Autologous hematopoietic stem cell transplantation (AHSCT) increases C-peptide levels and induces insulin independence in patients with type 1 diabetes. This study aimed to investigate how clinical outcomes may associate with the immunological status, especially concerning the balance between immunoregulation and autoreactivity. Twenty-one type 1 diabetes patients were monitored after AHSCT and assessed every 6 months for duration of insulin independence, C-peptide levels, frequencies of islet-specific autoreactive CD8 T cells (CTL), regulatory lymphocyte subsets, thymic function, and T-cell repertoire diversity. In median follow-up of 78 (range 15-106) months, all patients became insulin-independent, resuming insulin after median of 43 (range 6-100) months. Patients were retrospectively divided into short- or prolonged-remission groups, according to duration of insulin independence. For the entire follow-up, CD3CD4 T-cell numbers remained lower than baseline in both groups, whereas CD3CD8 T-cell levels did not change, resulting in a CD4/CD8 ratio inversion. Memory CTL comprehended most of T cells detected on long-term follow-up of patients after AHSCT. B cells reconstituted to baseline levels at 2-3 months post-AHSCT in both patient groups. In the prolonged-remission-group, baseline islet-specific T-cell autoreactivity persisted after transplantation, but regulatory T cell counts increased. Patients with lower frequencies of autoreactive islet-specific T cells remained insulin-free longer and presented greater C-peptide levels than those with lower frequencies of these cells. Therefore, immune monitoring identified a subgroup of patients with superior clinical outcome of AHSCT. Our study shows that improved immunoregulation may balance autoreactivity endorsing better metabolic outcomes in patients with lower frequencies of islet-specific T cells. Development of new strategies of AHSCT is necessary to increase frequency and function of T and B regulatory cells and decrease efficiently autoreactive islet-specific T and B memory cells in type 1 diabetes patients undergoing transplantation.

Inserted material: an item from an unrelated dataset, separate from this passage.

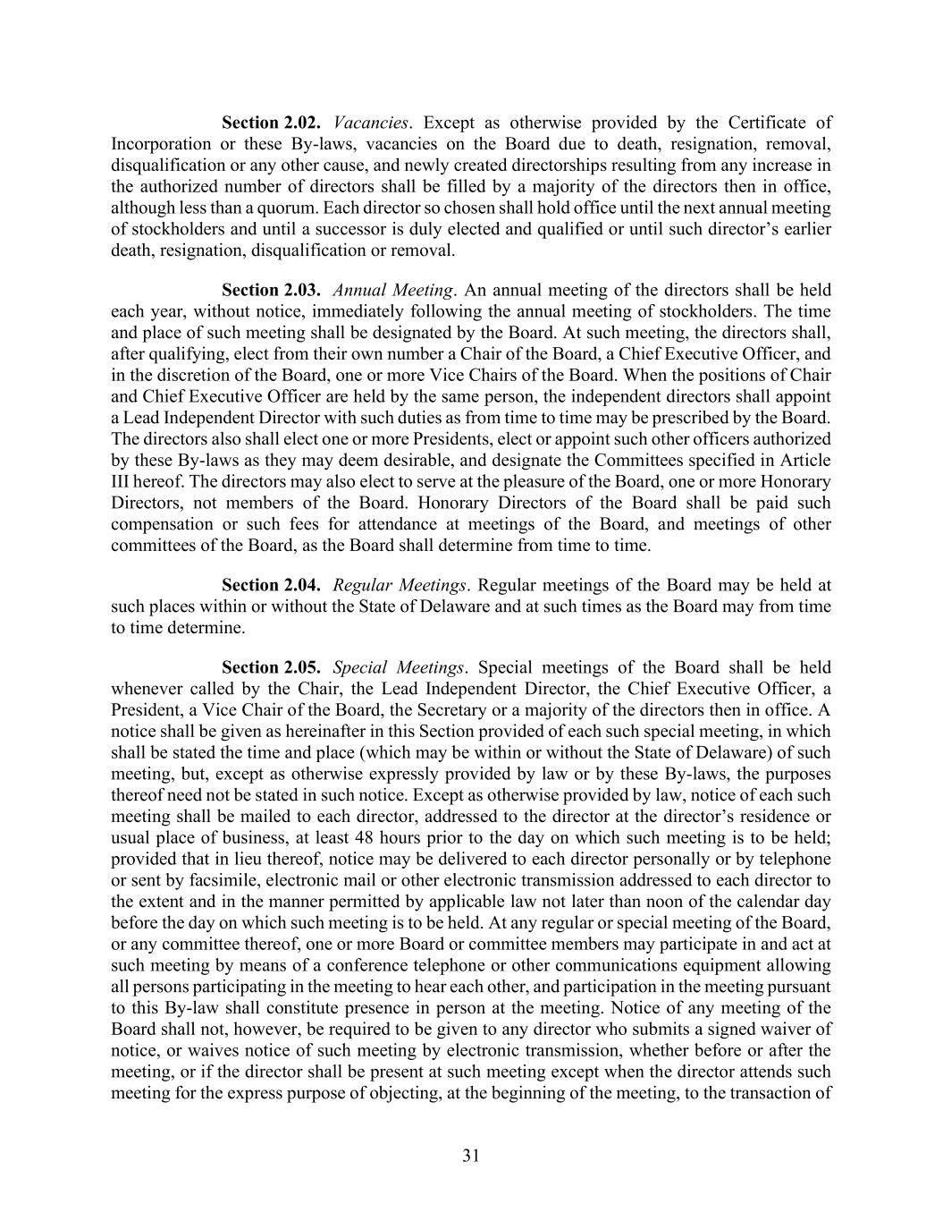 31 Section 2.02. Vacancies. Except as otherwise provided by the Certificate of Incorporation or these By-laws, vacancies on the Board due to death, resignation, removal, disqualification or any other cause, and newly created directorships resulting from any increase in the authorized number of directors shall be filled by a majority of the directors then in office, although less than a quorum. Each director so chosen shall hold office until the next annual meeting of stockholders and until a successor is duly elected and qualified or until such director’s earlier death, resignation, disqualification or removal. Section 2.03. Annual Meeting. An annual meeting of the directors shall be held each year, without notice, immediately following the annual meeting of stockholders. The time and place of such meeting shall be designated by the Board. At such meeting, the directors shall, after qualifying, elect from their own number a Chair of the Board, a Chief Executive Officer, and in the discretion of the Board, one or more Vice Chairs of the Board. When the positions of Chair and Chief Executive Officer are held by the same person, the independent directors shall appoint a Lead Independent Director with such duties as from time to time may be prescribed by the Board. The directors also shall elect one or more Presidents, elect or appoint such other officers authorized by these By-laws as they may deem desirable, and designate the Committees specified in Article III hereof. The directors may also elect to serve at the pleasure of the Board, one or more Honorary Directors, not members of the Board. Honorary Directors of the Board shall be paid such compensation or such fees for attendance at meetings of the Board, and meetings of other committees of the Board, as the Board shall determine from time to time. Section 2.04. Regular Meetings. Regular meetings of the Board may be held at such places within or without the State of Delaware and at such times as the Board may from time to time determine. Section 2.05. Special Meetings. Special meetings of the Board shall be held whenever called by the Chair, the Lead Independent Director, the Chief Executive Officer, a President, a Vice Chair of the Board, the Secretary or a majority of the directors then in office. A notice shall be given as hereinafter in this Section provided of each such special meeting, in which shall be stated the time and place (which may be within or without the State of Delaware) of such meeting, but, except as otherwise expressly provided by law or by these By-laws, the purposes thereof need not be stated in such notice. Except as otherwise provided by law, notice of each such meeting shall be mailed to each director, addressed to the director at the director’s residence or usual place of business, at least 48 hours prior to the day on which such meeting is to be held; provided that in lieu thereof, notice may be delivered to each director personally or by telephone or sent by facsimile, electronic mail or other electronic transmission addressed to each director to the extent and in the manner permitted by applicable law not later than noon of the calendar day before the day on which such meeting is to be held. At any regular or special meeting of the Board, or any committee thereof, one or more Board or committee members may participate in and act at such meeting by means of a conference telephone or other communications equipment allowing all persons participating in the meeting to hear each other, and participation in the meeting pursuant to this By-law shall constitute presence in person at the meeting. Notice of any meeting of the Board shall not, however, be required to be given to any director who submits a signed waiver of notice, or waives notice of such meeting by electronic transmission, whether before or after the meeting, or if the director shall be present at such meeting except when the director attends such meeting for the express purpose of objecting, at the beginning of the meeting, to the transaction of

自体造血干细胞移植(AHSCT)可提高1型糖尿病患者的C肽水平并诱导胰岛素自主分泌。本研究旨在探讨临床结局与免疫状态之间的关联,尤其是免疫调节与自身反应性之间的平衡。对21例1型糖尿病患者进行AHSCT后进行监测,每6个月评估一次胰岛素自主分泌持续时间、C肽水平、胰岛特异性自身反应性CD8 T细胞(CTL)频率、调节性淋巴细胞亚群、胸腺功能和T细胞受体库多样性。在中位随访78(范围15 - 106)个月时,所有患者均实现胰岛素自主分泌,在中位43(范围6 - 100)个月后恢复使用胰岛素。根据胰岛素自主分泌持续时间,将患者回顾性分为短期缓解组或长期缓解组。在整个随访期间,两组患者的CD3CD4 T细胞数量均低于基线水平,而CD3CD8 T细胞水平未发生变化,导致CD4/CD8比值倒置。记忆性CTL构成了AHSCT后患者长期随访中检测到的大部分T细胞。两组患者在AHSCT后2 - 3个月时B细胞恢复至基线水平。在长期缓解组中,移植后基线胰岛特异性T细胞自身反应性持续存在,但调节性T细胞计数增加。自身反应性胰岛特异性T细胞频率较低的患者比这些细胞频率较高的患者保持无胰岛素状态的时间更长,且C肽水平更高。因此,免疫监测确定了一组AHSCT临床结局较好的患者亚组。我们的研究表明,改善免疫调节可能平衡自身反应性,使胰岛特异性T细胞频率较低的患者获得更好的代谢结局。有必要开发新的AHSCT策略,以增加1型糖尿病移植患者中T和B调节细胞的频率和功能,并有效减少自身反应性胰岛特异性T和B记忆细胞。